Word for word, copy the line containing "图为实践调研队成员刘军正在为小朋友们进行手工课教学。中国青年网通讯员邓司旅供图" and every line after it in the records below, leaving pictures out.

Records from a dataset
/---
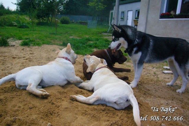 Jesteśmy hotelem młodym, mamy dużo zapału i jeszcze nie jesteśmy skażeni rutyną Staramy się stworzyć psiakom ciepłą ,domową atmosferę. Każdego pieska traktujemy indywidualnie, dokładając starań aby czuł się u nas bezpiecznie i spokojnie. Zapewniamy troskliwą opiekę, teren do wybiegania i wspólnych zabaw z naszymi łagodnymi labradorkami. W miarę moż...liwości, nasi pensjoriusze są z nami w domu. Choć posiadamy boksy w ogrzewanym budynku, (zbudowane specjalnie na użytek hotelu) są one bardzo rzadko używane. W domu pieski odpoczywają na wygodnych pontonach i są traktowane jak nasze własne pupilki.
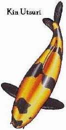 color de base negro, con algunas manchas de un color que se distribuyen opuestas lateralmente a las negras, como si las reflejaran. Según sea el segundo color, las variedades se denominan: Hi Utsuri (negro con manchas rojas), Shiro Utsuri (negro con manchas blancas), Ki Utsuri (negro con manchas amarillas), etc... |
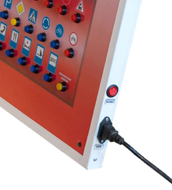 Базовый комплект светового оборудования представляет собой набор из двух информационных панелей, на которых размещено 23 световых элемента в виде наиболее распространенных дорожных знаков.
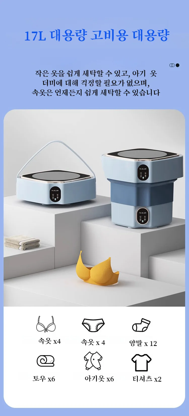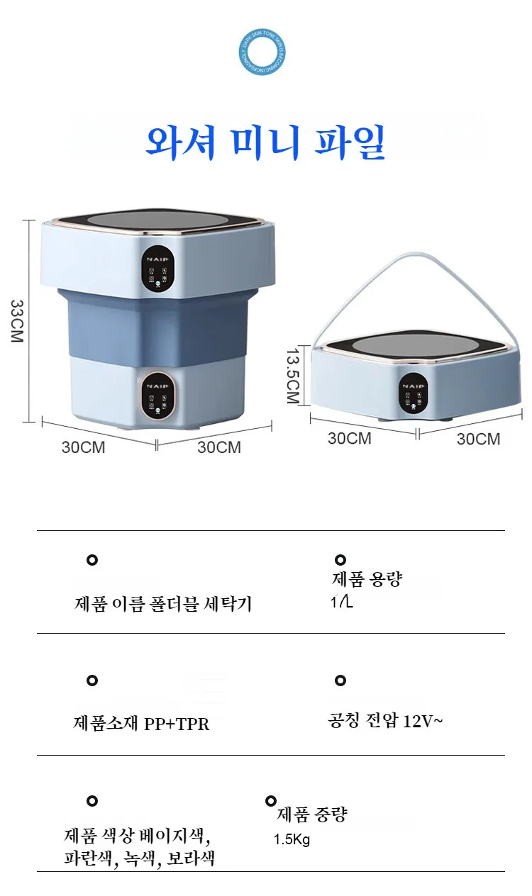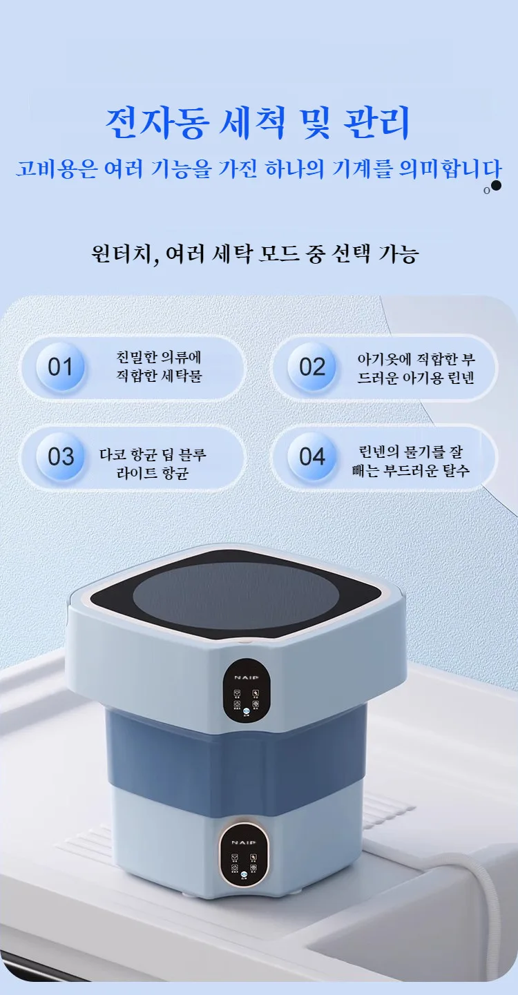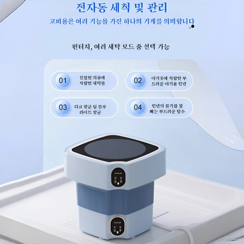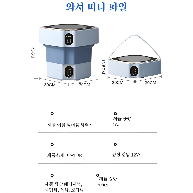 블루라이트 항균 대용 접이식 세탁기 속옷 유아용 기숙사 소형 미니 세탁기 대용 세탁기 소형 세탁기
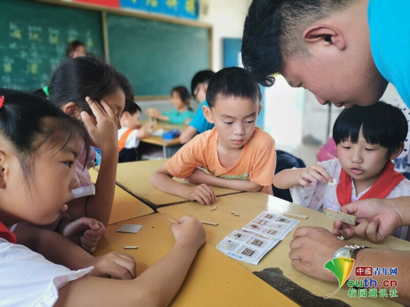 图为实践调研队成员刘军正在为小朋友们进行手工课教学。中国青年网通讯员邓司旅供图
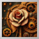 Diseño único de una rosa delicada rodeada de engranajes mecánicos antiguos, fusionando naturaleza y tecnología con un elegante toque steampunk.
\---
* _Exercise result_
 图为实践调研队成员刘军正在为小朋友们进行手工课教学。中国青年网通讯员邓司旅供图
 Diseño único de una rosa delicada rodeada de engranajes mecánicos antiguos, fusionando naturaleza y tecnología con un elegante toque steampunk.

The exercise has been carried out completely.